-- Data provided follows --

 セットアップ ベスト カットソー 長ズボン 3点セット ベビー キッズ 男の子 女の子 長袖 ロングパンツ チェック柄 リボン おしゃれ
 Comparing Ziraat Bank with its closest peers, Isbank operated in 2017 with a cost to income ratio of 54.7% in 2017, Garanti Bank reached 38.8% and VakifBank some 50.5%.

-- Data provided concluded --
-- Data provided follows --

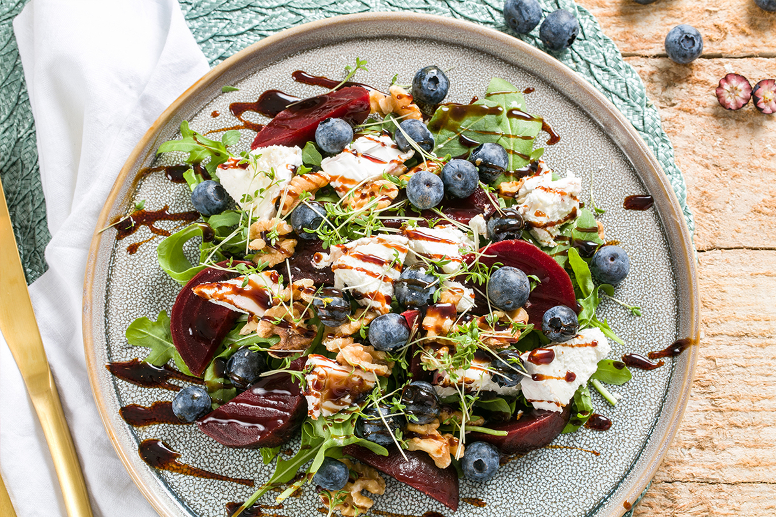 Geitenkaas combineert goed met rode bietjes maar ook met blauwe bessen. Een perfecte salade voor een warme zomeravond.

-- Data provided concluded --

◆ Task to carry out ◆
Every line above from the line with "セットアップ ベスト カットソー" to the line with "Comparing Ziraat Bank", both included, must be reproduced exactly, and no other line may appear.

◆ Response ◆
 セットアップ ベスト カットソー 長ズボン 3点セット ベビー キッズ 男の子 女の子 長袖 ロングパンツ チェック柄 リボン おしゃれ
 Comparing Ziraat Bank with its closest peers, Isbank operated in 2017 with a cost to income ratio of 54.7% in 2017, Garanti Bank reached 38.8% and VakifBank some 50.5%.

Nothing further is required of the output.